By Avril Ormsby
LOCKERBIE, Scotland (Reuters) - A Libyan jailed for the 1988 bombing of PanAm flight 103 over Lockerbie and released two years ago should never have walked free, residents of the Scottish town said on Friday.
Former Libyan intelligence agent Abdel Basset al-Megrahi, the only person convicted for the attack, has now gone missing in Libya, where rebels have overthrown Muammar Gaddafi.
Scottish officials, who released Megrahi on health grounds, said on Thursday they were seeking help from rebel leaders to restore contact with the bomber lost in the "dust of battle."
Megrahi's release and return to Libya infuriated many U.S. politicians and relatives of the 189 American victims, who are now demanding his extradition to the United States. His return to a hero's welcome in Libya embarrassed the British government.
The bomber had been diagnosed with prostate cancer and, when he was freed in 2009, given just three months to live.
"He should never have been released, but there is no point bringing him back," said 66-year-old Sheila Tennant, a retired office worker who has lived in the same house near the Lockerbie Garden of Remembrance for the past 47 years.
Her husband helped staff the makeshift mortuary set up after the airliner crashed into the town of 4,000, killing 11 people on the ground. Her daughter was a civilian in the police force, seeing the names and ages of the dead come through the office.
Tennant said she was not in favor of Megrahi being extradited to the United States: "What's the point? It's done. Life goes on. It's two years now."

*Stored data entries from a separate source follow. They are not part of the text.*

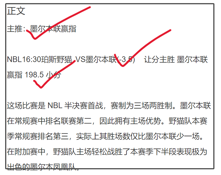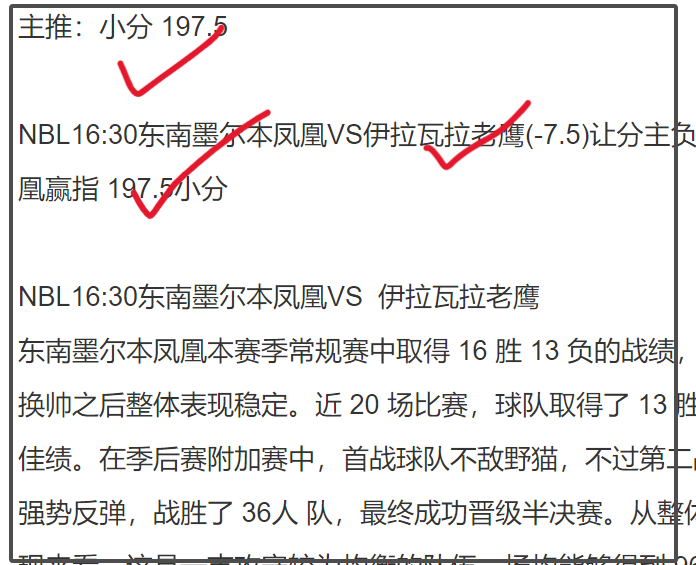 下午新鲜出炉的红单让分大小分全中NBL四连红:
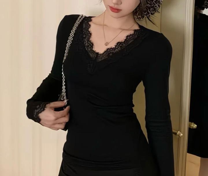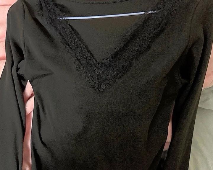 Черный кружевной лонгслив, с V -образным вырезом. Универсальный для любой одежды. Продаю потому что пришло не тогда когда надо было Артикул: 519037
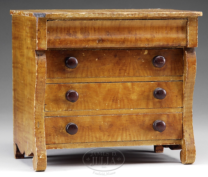 AMERICAN EMPIRE DOLL’S CHEST OF DRAWERS. First half 19th century. The rectangular pine case, with grained finish fitted with four drawers on turned frontal legs. SIZE: Ht 9 3/4″ W 10 3/4″ D 7″ CONDITION: Retains all original surfaces. The proper right front of top cut, right rear corner of top with missing strip of wood. Finish somewhat dry. 9-97688 (300-500)
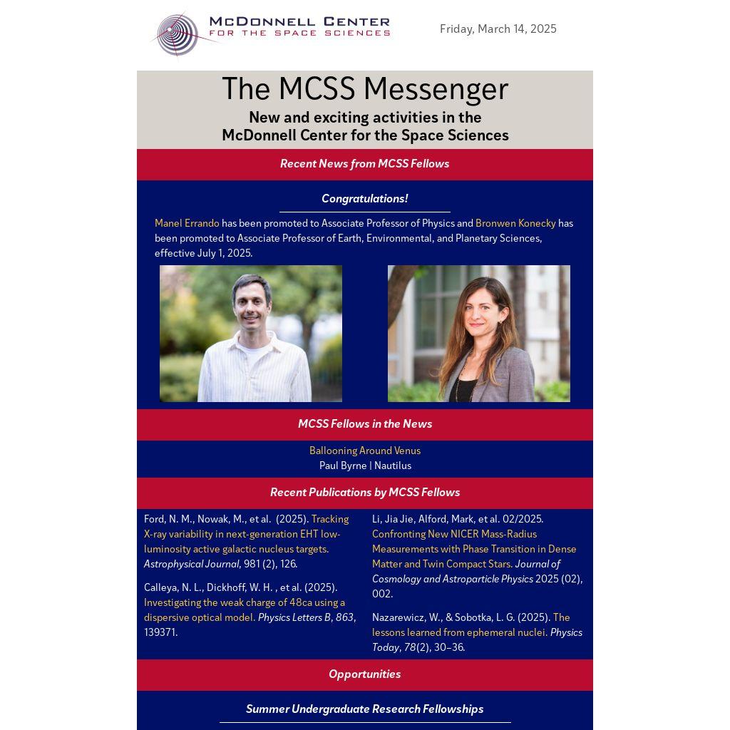 This fellowship is geared toward undergraduate students who may be considering graduate school. McDonnell Center faculty fellows guide the student on a specific space-science-related research project during the summer. Students interested in applying should discuss potential research with a McDonnell Center faculty member. The term is for ten weeks in the upcoming summer.
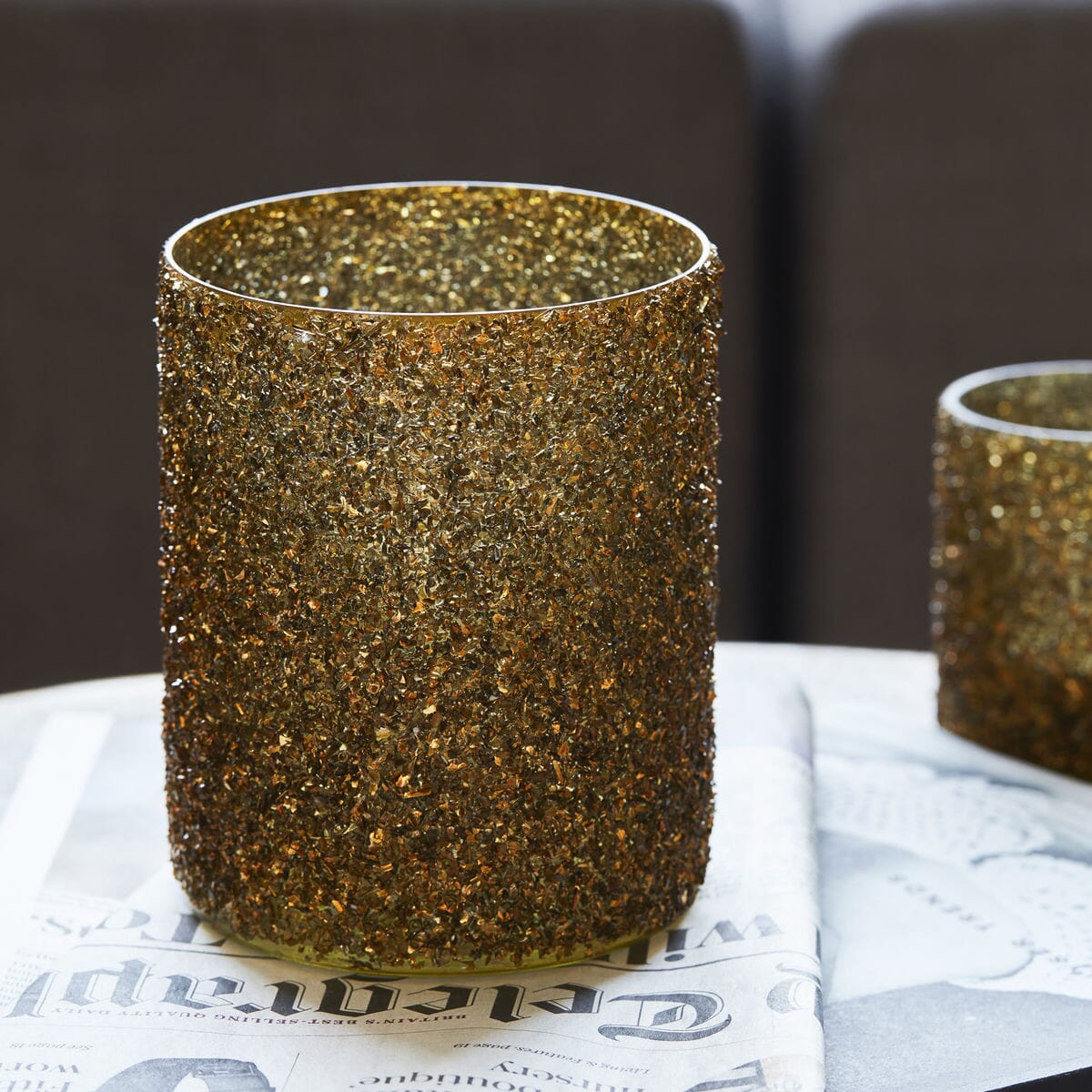 Tilføy glitter i hjemmet med den store Gliz telysestaken fra House Doctor. Den gyldne fargen er spraymalt på lysestaken - et perfekt utseende for å skape en innbydende atmosfære når lyset skinner gjennom. Plasser telysestaken i vinduskarmen sammen med favorittvasene og skåler i lignende farger. Eller kombiner den med den mindre versjonen og plasser dem begge på salongbordet. Den strukturerte overflaten er et lekent og balansert tilskudd til hjemmets innredning laget av tre, keramikk og metaller.
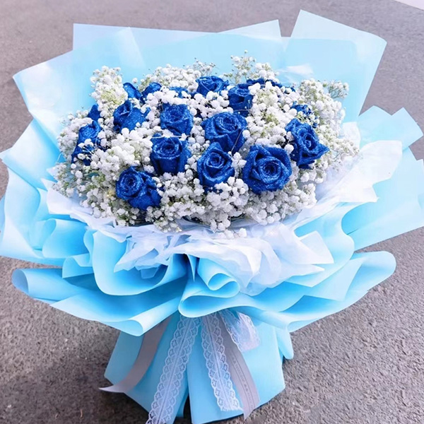 花 材:精选19朵蓝色妖姬,1条彩灯,白色满天星丰满间插。
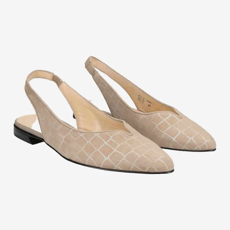 This exclusive sling pump from Brunate gives your outfit a delicate, sophisticated look. The velvety, beige suede is very effectively staged by a shimmering, shiny metallic structure. A stretch insert at the strap gives you pleasant comfort.
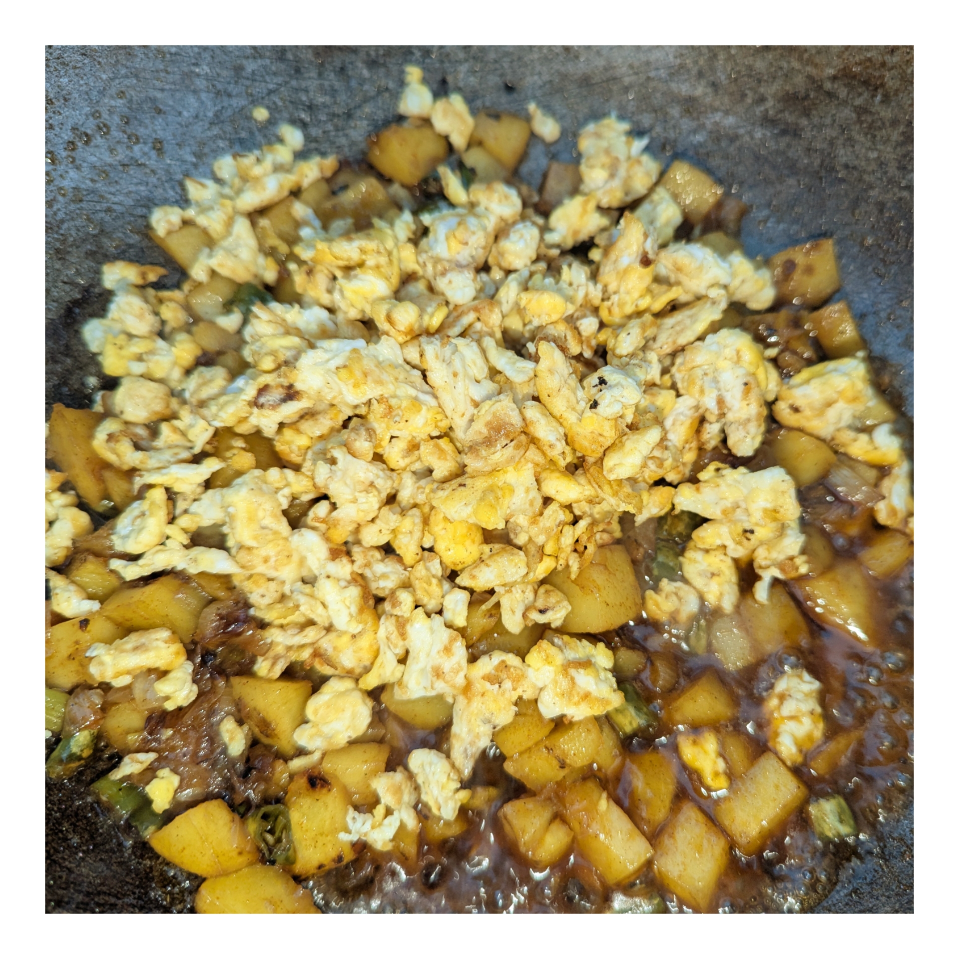 আলু গুলো ভালো করে মেশানো হয়ে গেলে তৈরি করে রাখা মসলার পেস্ট এর মধ্যে দিয়ে নিয়েছি। ভালোভাবে নেড়েচেড়ে বেশ কিছুক্ষণ জ্বাল করে জল শুকিয়ে নিয়েছি। তারপর এরমধ্যে ভেজে রাখা ডিমের টুকরোগুলো দিয়ে নিয়েছি।

Megrahi was convicted in 2001 of playing a "significant part in planning and perpetrating" the bombing. In a special court which sat in the Netherlands, Scottish judges sentenced Megrahi to life in prison with a minimum jail term of 27 years.

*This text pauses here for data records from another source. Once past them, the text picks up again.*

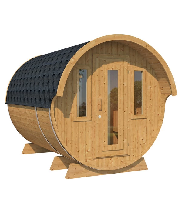 Keine andere Bauform eines Saunahauses bietet Ihnen eine so hohe Luft- und Wärmezirkulation wie eine Fasssauna. Denn während in der klassisch eckigen Gartensauna viele Winkel die Luftströme ablenken und unterbrechen, passiert dies in dem Wolff Finnhaus Saunafass 330 de luxe montiert eben nicht. Diese besondere Bauform gibt es schon lange in Finnland, der Heimat des klassischen Saunierens. Ein weiterer Vorteil ist die schnelle Beheizung, so dass die Fasssauna auch für spontane Saunagänge bestens geeignet ist.
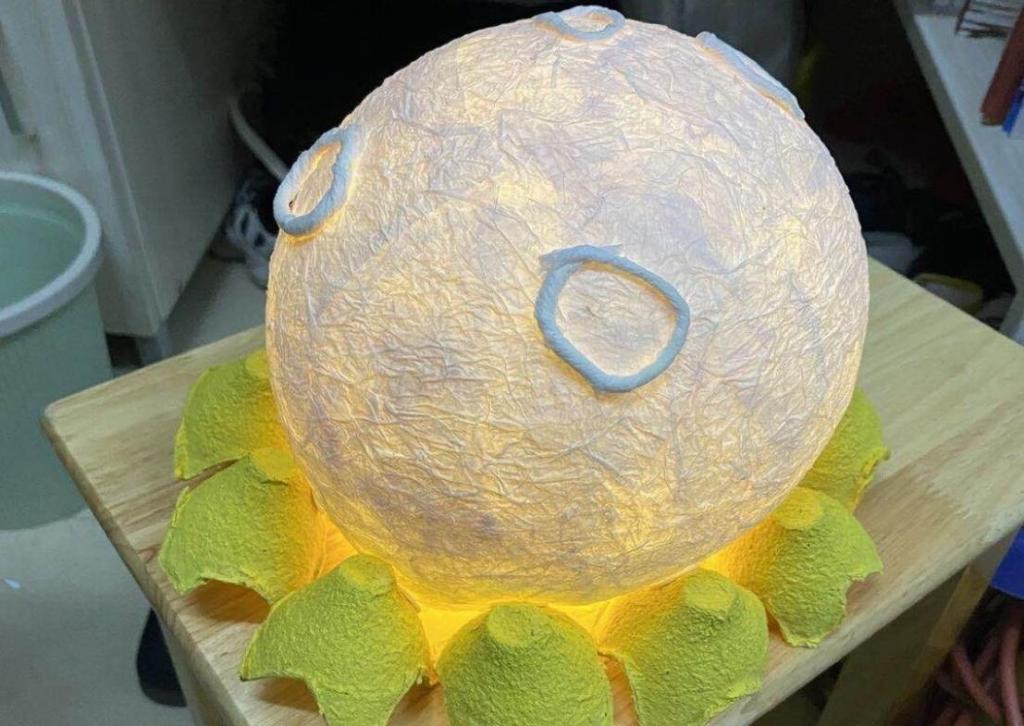 在活动期间,同学们围绕“废物利用、环保创新”主题,以“绿色、创新、快乐、睿智、团结”展开丰富的想象,利用废旧物进行精心设计、精心制作, 让其发挥全新的功能,达到宣传节能环保的目的。在评比中,工作人员发现同学们将废旧的快递纸箱和塑料瓶做成可爱生动的“充电”机器人;将纸张变成美丽的月球灯罩,一串小小的暖光灯泡为月球提供了光源,废旧的鸡蛋盛放盒变成底座,一个温暖的月球小夜灯照亮漆黑的夜。更令人想不到的是废弃口罩可以变成发圈和花朵。展现同学们无穷的想象力和创造力。
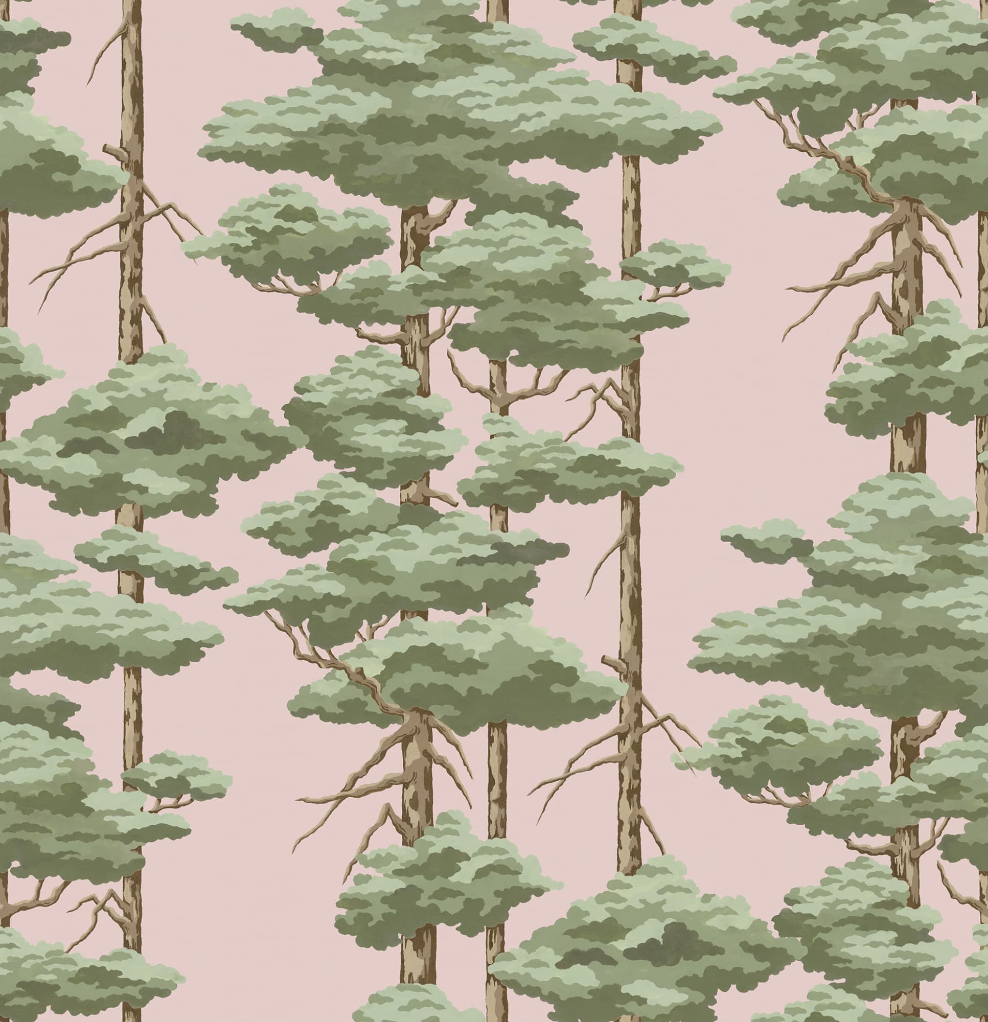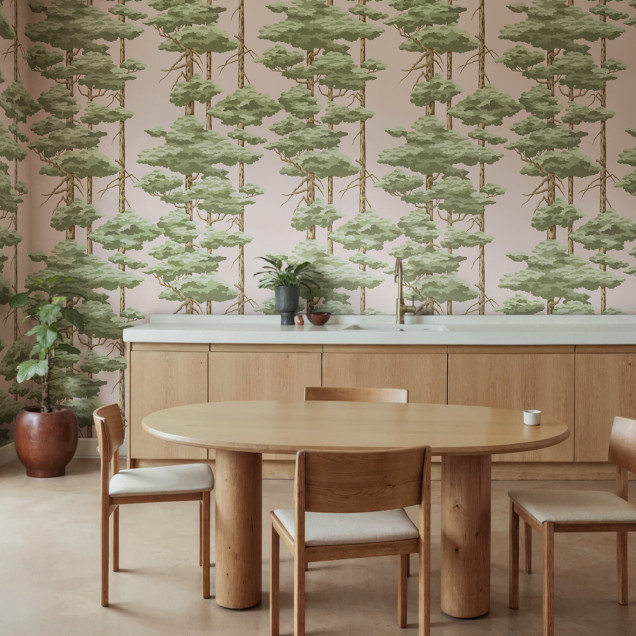 Acest tapet încântător aduce farmecul pădurilor direct în casa ta. Designul subtil cu pini verzi pe fundal roz oferă o atmosferă caldă și relaxantă.Materiale disponibile

Britain's Deputy Prime Minister Nick Clegg has said he would like to see Megrahi back in jail. Prime Minister David Cameron, who took office in May 2010, has called the release a mistake.
However, Scotland has responsibility for its own legal system following devolution in 1999.
As part of the terms of his release, Megrahi was required to submit regular medical reports and check in by telephone to Scottish authorities. He was last in touch with them on August 8.
"I think his release was dodgy -- they should have left him in Scotland to do his time," Sara Lawson, 87, who still lives in the road where a falling wing of the plane and its fuselage demolished her neighbors' homes, told Reuters.
But she said it was too late to bring him back. "The man is old. What can it do?" she said, leaning on a walking stick.\
"He looked like a sick person when he got on the plane (to return to Libya). You would not know he was going to live two years. The end of the Gaddafi regime doesn't change anything."
The houses in her small crescent street have been rebuilt and a small garden with a memorial plaque stands in a corner.
Lawson recalled the "groan" of the plane as it came down that winter's night.
"I was watching TV -- the Muppets were on -- when the whole house shook. Somebody came to the door and said to get out because they were afraid of a gas leak blowing up the house.
"Sometimes I do not think about it, but there is always something to remind you. It was horrendous. You always think there is somebody worse off than yourself, but there weren't that many that night."
Others thought Megrahi should be returned to jail.
"I'd like to see him brought back to Scotland. He shouldn't have been released. I have an open mind on whether it should be Scotland or America, so long as he goes back to jail," said Ian Wilson, 62, a retired contract manager who was not living in Lockerbie in 1988. "He did not serve his time. Life is life."
Peter Shields, 70, a retired sales manager, said: "I think he should die in jail, the way the innocent people suffered."
A Lockerbie couple, who did not want to be named, said parts of the plane had damaged their house.
"You could hear a roar, a spinning, the engines were still going, still throbbing," one of them said.
"It was raining outside, cold and dark. You could feel the crunch as you stepped on bits of the plane... Houses were on fire and there was a huge crater. One house looked just like a children's painting with flames shooting out of the roof."